┌────────

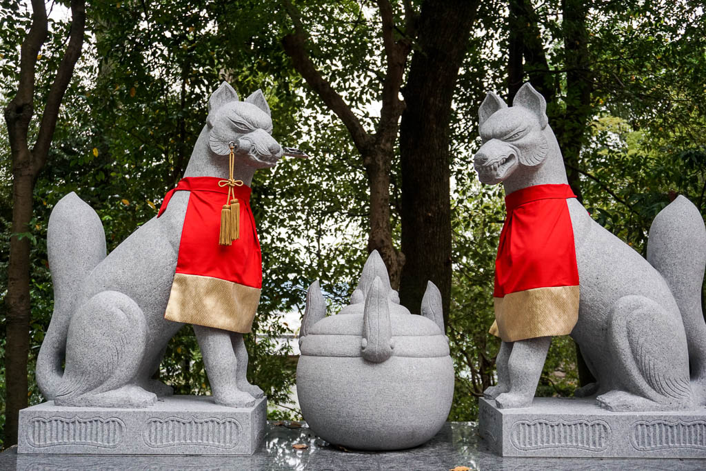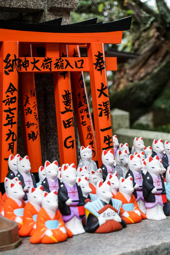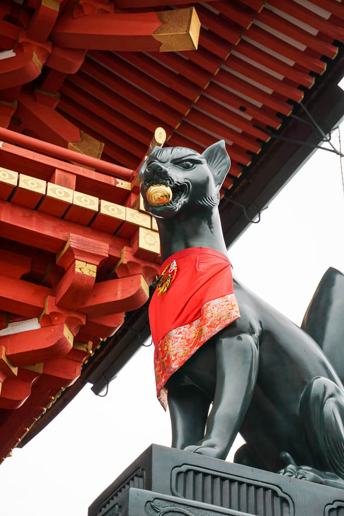 I don’t know what it is that I adore more about Shinto. The undeniable connection with nature. The Kamis, their presence, their spirits. Or the elevation of animals to sacredness. We’ve spoken about the deer in Nara, from woodland munchers to sacred messengers. We’ve also talked about the looking back rabbit of Uji, the carp in the shrine in Hiroshima. And of course the fox – katsune. We’ve encountered them first in Tokyo at the Nezu Shrine – and now in the world famous Fushimi Inari.
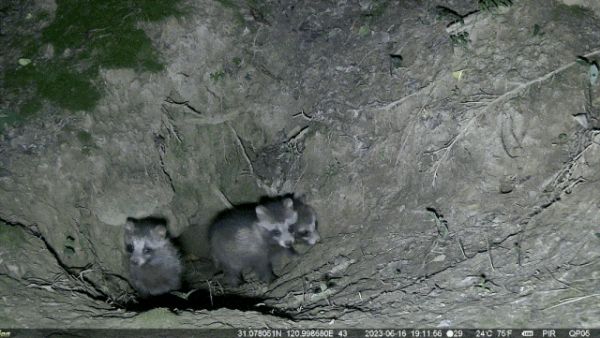 刚刚出“家门”挤在洞口的小貉们。受访者提供,由红外相机拍摄。
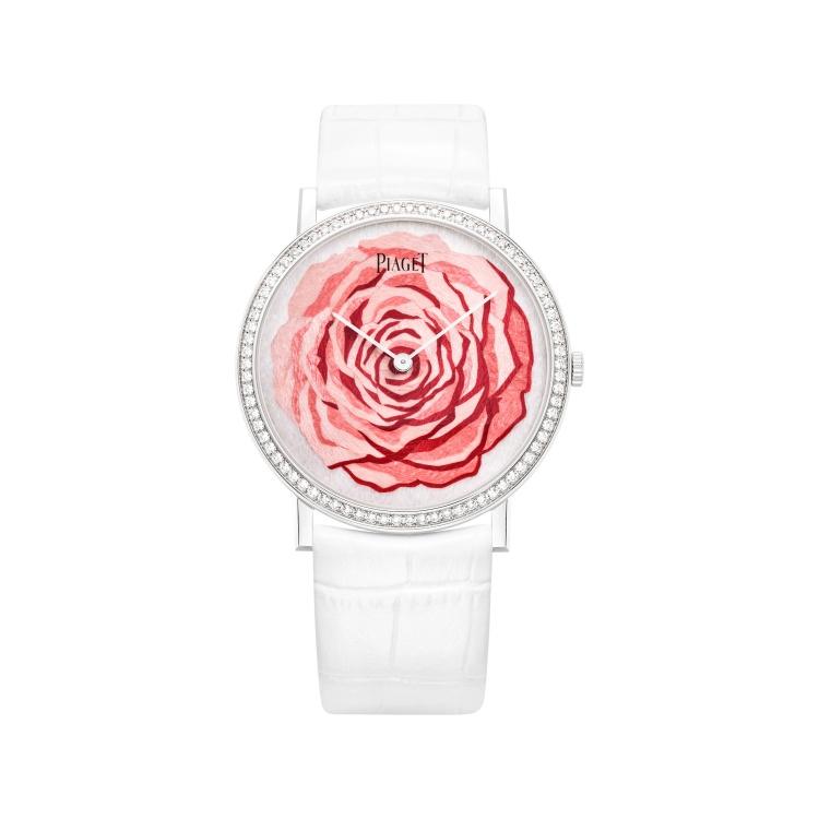Piaget 將浪漫也壓縮成了極致纖薄。這款 Altiplano Rose 不僅是致敬品牌經典與創辦人鍾愛的玫瑰,更在 7.02mm 厚度中容納了藝術與工藝的雙重境界。錶盤以木質細工拼嵌出80片花瓣構成的玫瑰圖騰,搭載 430P 超薄機芯,將女性柔美化作時間的軌跡。它不僅是一件錶,更是一件配戴在手腕上的微型藝術品。(價格 NTD 2,340,000)

└────────

> **PROBLEM TO WORK ON**
Since the pictures are not wanted, repeat only the rest of the material, exactly as given.

> **TASK SOLUTION**
 I don’t know what it is that I adore more about Shinto. The undeniable connection with nature. The Kamis, their presence, their spirits. Or the elevation of animals to sacredness. We’ve spoken about the deer in Nara, from woodland munchers to sacred messengers. We’ve also talked about the looking back rabbit of Uji, the carp in the shrine in Hiroshima. And of course the fox – katsune. We’ve encountered them first in Tokyo at the Nezu Shrine – and now in the world famous Fushimi Inari.
 刚刚出“家门”挤在洞口的小貉们。受访者提供,由红外相机拍摄。
Piaget 將浪漫也壓縮成了極致纖薄。這款 Altiplano Rose 不僅是致敬品牌經典與創辦人鍾愛的玫瑰,更在 7.02mm 厚度中容納了藝術與工藝的雙重境界。錶盤以木質細工拼嵌出80片花瓣構成的玫瑰圖騰,搭載 430P 超薄機芯,將女性柔美化作時間的軌跡。它不僅是一件錶,更是一件配戴在手腕上的微型藝術品。(價格 NTD 2,340,000)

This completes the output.